HeadlinesBriefing favicon HeadlinesBriefing.com

Unraveling the ‘Comically Bad’ Stroke Dataset Controversy

Hacker News •
×

Researchers at Queensland University of Technology uncovered a dataset on Kaggle that mixes celebrity photos with medical images, calling it “comically bad.” The collection, titled “droopy,” contains 1,024 pictures supposedly from stroke patients but includes duplicates of Sylvester Stallone, George Clooney, and Bell’s palsy cases. Kaggle, owned by Google, hosts the files in an open‑source repository.

The faulty set underlies a December paper in Scientific Reports that trained a stroke‑detection model for real‑time clinical use.

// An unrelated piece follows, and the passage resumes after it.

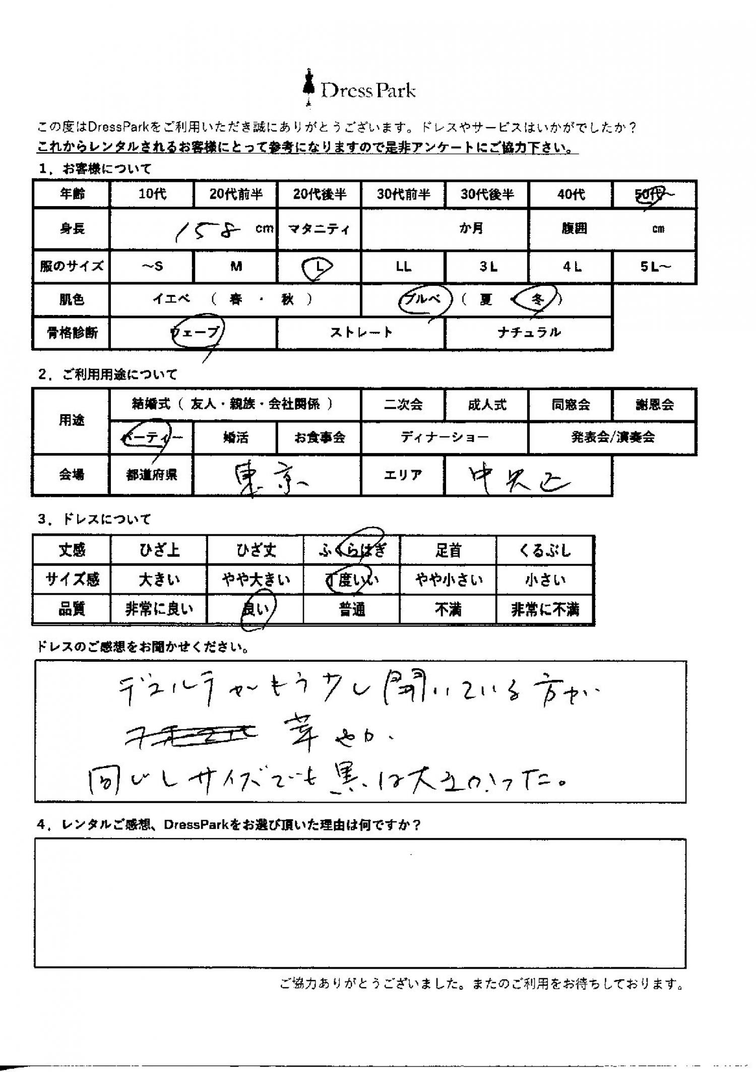 東京都 M.S様158㎝ Lサイズ銀座・丸の内 #50代~#M/L#155~159㎝#パーティー#東京都#銀座・丸の内 ◆レンタルしたドレスはこちら ◆レンタルしたサイズは:L ◆レンタルした日付:2026/03/08 ドレスの着用感 ◆点数: (4点) ◆丈感:ふくらはぎ ◆サイズ感:丁度いい ◆品質:良い ◆肌色:ブルべ ◆骨格診断:ウェーブ ドレスの感想 デコルテがもう少し空いている方が華やか。同じLサイズでも黒(DDP030505)は大きかった。 CUSTOMER REVIEWS お客様の声 気になるカテゴリー別にご利用の感想をチェック! ◆AGE 年代で見る 10代 20代 30代 40代 50代~ ◆SIZE サイズで見る SS/S M/L 大きいサイズLL~ ◆HIGHT 身長で見る 140~149㎝ 150~154㎝ 155~159㎝ 160~164㎝ 165~169㎝ 170㎝以上 ◆マタニティ ~3か月 4~6か月 7~8か月 9~10か月 ◆肌色 イエベ ブルべ ◆骨格診断 ウェーブ ストレート ナチュラル ◆利用シーン 結婚式(友人) 結婚式(親族) 結婚式(会社関係) 二次会 成人式/同窓会 謝恩会 パーティー その他 CUSTOMER REVIEWS都道府県別お客様の声 都道府県別にのお客様の声をチェック! 北海道 青森県 岩手県 宮城県 秋田県 山形県 福島県 茨城県 栃木県 群馬県 埼玉県 千葉県 東京都 神奈川県 新潟県 富山県 石川県 福井県 山梨県 長野県 岐阜県 静岡県 愛知県 三重県 滋賀県 京都府 大阪府 兵庫県 奈良県 和歌山県 鳥取県 島根県 岡山県 広島県 山口県 徳島県 香川県 愛媛県 高知県 福岡県 佐賀県 長崎県 熊本県 大分県 宮崎県 鹿児島県 沖縄県 CUSTOMER REVIEWSエリア別お客様の声 都道府県別にのお客様の声をチェック! 札幌 仙台 名古屋 軽井沢 金沢 神戸・芦屋 博多 那覇 梅田・新大阪 難波・心斎橋 鎌倉・湘南 横浜・みなとみらい 舞浜・浦安・幕張 大宮・浦和 青山・表参道 六本木・麻布 渋谷・恵比寿 新宿 池袋 銀座・丸の内 お台場・汐留 鹿児島市 郡山市 福島市 東予 甲府・石和 LINEでお問い合わせ このサイトではJavaScriptを使用しています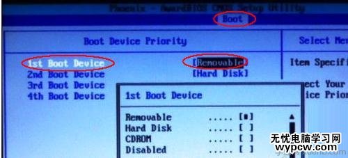 然后在“Boot Devicepriority”設置界面下選擇第一項“1st Boot Device”并按回車。然后在彈出的“1st Boot Device”選項中選擇第一項“Removable”(移動裝置):

Barnett and Ph.D. student Alexander Gibson traced 124 papers using the data, many lacking provenance and ethics statements. Alaa Mohamed of Mansoura University, the corresponding author, did not respond to inquiries.

Springer Nature added an editor’s note and retracted several articles, while Elsevier and MDPI are investigating others. Researchers argue that all tools built on these datasets must be removed until provenance is verified. The incident highlights the risk of unvetted data fueling clinical AI, underscoring the need for stricter repository documentation.

This case echoes earlier warnings that datasets containing children’s faces without consent were used in hundreds of studies. It forces publishers to tighten data‑provenance checks and pushes the community to adopt transparent, auditable repositories. Until then, clinicians relying on such models risk misdiagnosis and ethical breaches.